Ah Lady Poore, what a charmer.

I was going to write more in this post, including about the actual books and the early achievements, but I don’t want to try your patience so I’m going to hold that over until next week. You will be hearing more about the B.B.C.

* In my reading of newspapers in Trove I come across many misspellings, particularly of Banjo Paterson (as Patterson) and Katharine Susannah Prichard (as Katherine and/or Pritchard), suggesting that sub-editing was not necessarily better in the olden days!

16 thoughts on “Monday musings on Australian literature: Bush Book Club (1)

  1. I’ll have to think of a bookish comment. Meanwhile I checked out Admiral Poore, wondering if he was attached to the Governor General, whose Sydney residence Admiralty House is. But no, he was Commander in Chief, (Royal Navy) Australia Station.

    • I’m glad you were interested enough to check him out, Bill. And you found out what I had. I’m not sure has that role played out in those early Federation days. My sense is almost more diplomatic than military?Anyhow, I look forward to your bookish comment, if you can think of one!

  2. I wonder what opportunities there are for bookish people in the bush these days. (I mean the remote bush.)
    It’s a long time ago now, but my mother’s BFF (who used to quote TS Eliot and Dante over a G&T in the evenings) nearly went mad in Finley NSW in the 1960s because they only had a mobile library which only stocked popular fiction . She wasn’t much better off when they moved to Merimbula…
    There may perhaps have been bookish activities, but if there were, as a newcomer she was never introduced to them.

    • Good question Lisa … must say I often quite (in my head anyhow) TS Eliot but not Dante! I had a school/uni friend who was posted to Finley in the mid-70s but I do t know how that went as we lost regular contact. I have friends living at the coast now … a little north of Merimbula … and they have active intellectual lives. If of course the obvious answer is that online blogs, reading groups etc offer so much sustenance don’t they … as we really appreciated during the pandemic. The isolation potential of aging is one of my drivers for keeping up with technology/communication devices really.

      • Well, I’m sure it’s a different world in many places now, because of the internet, it’s easier not to be isolated by preferences not shared by the majority.
        But I have been dismayed to find how poor the internet in places I’ve been on holiday, particularly in the Hunter Valley where, yes, it’s ok in town, but back at the accommodation it’s non-existent (and quite scary when you’re relying on mobile reception for bushfire advice). It was woeful where my parents lived in Burleigh too.

        • Oh yes, that’s true … it can be poor in places where you would expect there to be good infrastructure, like the Hunter and Burleigh Heads, so in more remote places it (mostly) is still far from acceptable.

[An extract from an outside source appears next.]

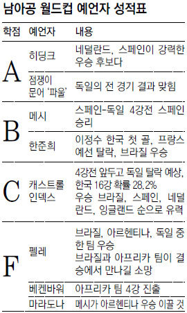 여느 월드컵과 마찬가지로 낙제점을 면하지 못한 예언가는 ‘축구 황제’ 펠레다. “브라질이 가장 강력한 우승 후보다. 아프리카 팀과의 결승전을 보고 싶다”던 그의 예언은 저주가 됐다. 16강전을 앞두고 우승 후보로 지목한 브라질, 아르헨티나, 독일은 쓴잔을 마셨다. 독일의 축구 영웅 프란츠 베켄바워는 “아프리카 팀이 4강에 오를 것”이라며 펠레의 예언을 거들다 망신살이 뻗쳤다.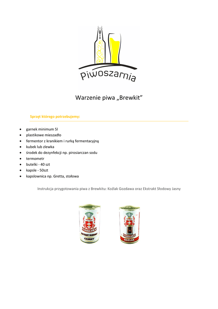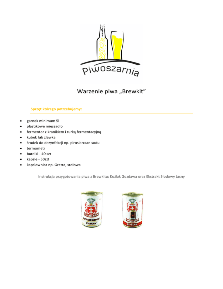Warzenie piwa „Brewkit” Sprzęt którego potrzebujemy: • • • • • • • • • garnek minimum 5l plastikowe mieszadło fermentor z kranikiem i rurką fermentacyjną kubek lub zlewka środek do dezynfekcji np. pirosiarczan sodu termometr butelki - 40 szt kapsle - 50szt kapslownica np. Gretta, stołowa Instrukcja przygotowania piwa z Brewkitu: Koźlak Gozdawa oraz Ekstrakt Słodowy Jasny Przygotowanie brzeczki do fermentacji 1. Fermentor umyj i zdezynfekuj. Zrób to zgodnie z instrukcją na opakowaniu środka do dezynfekcji. 2. Z puszki zdejmij wieko i wyjmij drożdże. Zedrzyj papierową obwolutę. 3. Zamkniętą puszkę z ekstraktem włóż na 10 minut do naczynia (zlewu) z gorącą wodą (ma to na celu upłynnienie zawartości, co ułatwi nam jej wydobycie) 4. Do wyparzonego kubka wlej około 100ml przegotowanej, wystudzonej wody (poniżej 30 0C) wody, wsyp drożdże, nie mieszaj, przykryj kubek folią aluminiową. 5. Do garnka nalej 2,5-3l ciepłej wody dodaj ekstrakt niechmielony. Pamiętaj aby ciągle mieszać! (zamiast ekstraktu słodowego można użyć glukozę która złagodzi smak piwa bardzo łatwo się rozpuszcza i jest całkowicie fermentowalna, lub ekstrakt słodowy w proszku dzięki któremu uzyskasz prawdziwie pełne piwo o 100% naturalny charakterze). Kiedy ekstrakt niechmielony rozpuści się w wodzie wlej do garnka zawartość puszki, gotuj całość 10-15 minut mieszając tak aby nie przypalić brzeczki (gotowanie brzeczki nie jest konieczne gdyż koncentrat jest gotowany przed puszkowaniem jednak zagotowanie roztworu zmniejszy szanse zakażenia brzeczki, a w żaden sposób nie wpłynie negatywnie na późniejszą jakość piwa). 6. Przelej zawartość garnka do zdezynfekowanego fermentora i uzupełnij zimną wodą do 21l. Wystarczy zwykła kranówka. Jeśli obawiasz się o jakość mikrobiologiczną swojej wody, to możesz ją przegotować i wystudzić. Możesz też użyć wody mineralnej z marketu. Brzeczkę trzeba napowietrzyć, więc dobrze jest całość intensywnie mieszać. II. Fermentacja brzeczki. (czas trwania od 5-7dni) 1. Zamieszaj drożdże w kubku, zamierzając nim lekko. Sprawdź temperaturę przygotowanej brzeczki. W zależności od Brewkitu producent zaleca temperaturę zadawania drożdży. Jeśli temperatura brzeczki jest wyższa niż zalecana wówczas brzeczkę trzeba schłodzić np.wystawiając fermentor do chłodnego pomieszczenia lub zimą na zewnątrz. Do pomiaru temperatury (oczywiście wcześniej zdezynfekowanego) można użyć termometru szpilkowego. (PAMIĘTAJ drożdże żyją tylko w określonej temperaturze temp. powyżej 28°C może je zabić a wtedy niestety fermentacja się nie odbędzie). Zanim dodasz drożdże sprawdź cukromierzem zawartość cukru w piwie. Wartość zanotuj. 2. Zamknij fermentor pokrywką z rurką fermentacyjną. Do rurki nalej wody. 3. Fermentor ustaw w miejscu o temperaturze pokojowej od czasu do czasu sprawdź czy fermentacja przebiega prawidłowo. Etapy fermentacji: nie rozpoczęta rozpoczęta zakończona III. Rozlew młodego piwa i refermentacja (czas trwania 14 i więcej dni) 1. Zanim rozlejesz piwo do butelek pobierz próbkę piwa do menzurki pomiarowej i zmierz ponownie zawartość cukru za pomocą cukromierza. Wartość zanotuj. Otrzymane w ten sposób dwóch wartości można wyliczyć w przybliżeniu jaką wartość alkoholu ma nasze piwo. ść ą % 2 1. Przygotuj około 40 czystych szklanych butelek o pojemności 0,5l (butelki mogą być również plastikowe PET, jednak piwo w butelkach PET można przechowywać nie dłużej niż 6 miesiące podczas gdy rozlane do butelek szklanych może być w nich przechowywane nawet 18 miesięcy!!!). 2. Przygotuj około 40 czystych szklanych butelek o pojemności 0,5l (butelki mogą być również plastikowe PET, jednak piwo w butelkach PET można przechowywać nie dłużej niż 6 miesiące podczas gdy rozlane do butelek szklanych może być w nich przechowywane nawet 18 miesięcy!!!). 3. Refermentacja - termin używany w piwowarstwie, oznaczający wtórną fermentację w butelkach. Refermentacja wpływa na zwiększenie stężenia ekstraktu piwa, zwiększenie zawartości dwutlenku węgla i osadów drożdżowych, zmienia również wartość pH piwa. Aby otrzymac refermentację w butelkach, należy dodać do każdej butelki po pół łyżeczki cukru, glukozy lub suchego ekstraktu słodowego (ogólna dawka cukru lub glukozy dodawana do 23l piwa nie powinna być większa niż 200g, zalecam 100g). Najwygodniejsza w użyciu jest specjalna miarka do cukru, PAMIĘTAJ, że zbyt duża dawka cukru może spowodować eksplozje butelki!!!. 4. Zamknij szczelnie butelki nowymi metalowymi kapslami za pomoca kaslownicy stołowej lub ręcznej i wstrząśnij w celu rozpuszczenia cukru (przed kapslowaniem warto sparzyć kapsle gorącą wodą w celu dezynfekcji) 5. Butelki z piwem pozostaw na około tydzień w temperaturze pokojowej, aby piwo się nagazowało, po tym czasie jeśli masz taką możliwość przenieś piwo do chłodniejszego pomieszczenia (młode piwo dzięki cukrowi który dodałeś do każdej butelki naturalnie się nagazuje dwutlenkiem węgla (CO2), przy okazji również stanie się minimalnie mocniejsze (o jakieś 0,3%). IV. Degustacja 1. Czas oczekiwania na spożycie piwa po refermentacji w butelkach zależy głownie od warunków gdzie było leżakowane piwo. Przyjmuje się że piwo po 14 dniach od butelkowania jest już nagazowane. Jeśli nagazowanie jest zbyt małe oraz piana jest słaba piwo powinno dalej leżakować. Przyjmuje się, że; • piwa pszeniczne – leżakowanie powinno trwać 2 tyg. • piwa mocno chmielone: IPA, Black IPA, Single Hop - leżakowanie powinno trwać 1 miesiąc • piwa ciemne: Koźlak, Porter, Stout itp. - leżakowanie 2 miesiące • piwa o dużej zawartości alkoholu: Porter Bałtycki, English BarleWine, RIS – leżakowanie powinno trwać powyżej 6 miesięcy 2. Piwo w butelkach będzie klarowne, a na ich dnie będzie widoczn

          And actually re that bushfire advice issue you mention, one of my friends gave me a little cute second hand tranny (transistor radio) for my birthday this year because they were horrified that I didn’t have one. They said I needed it for bushfire etc advice in case mobile towers go down or you run out of power on your phone and the electricity is down. I now have a reminder in my system to check its battery annually so that if I ever need it, it will work!

  3. I have noticed a trend: it seems that it’s always women organizing to get books to people, and it typically comes in the form of some sort of ladies’ club getting together and starting a library or collecting and distributing books. I wonder why the work of information and social improvement fall onto the shoulders of women’s groups and not men’s.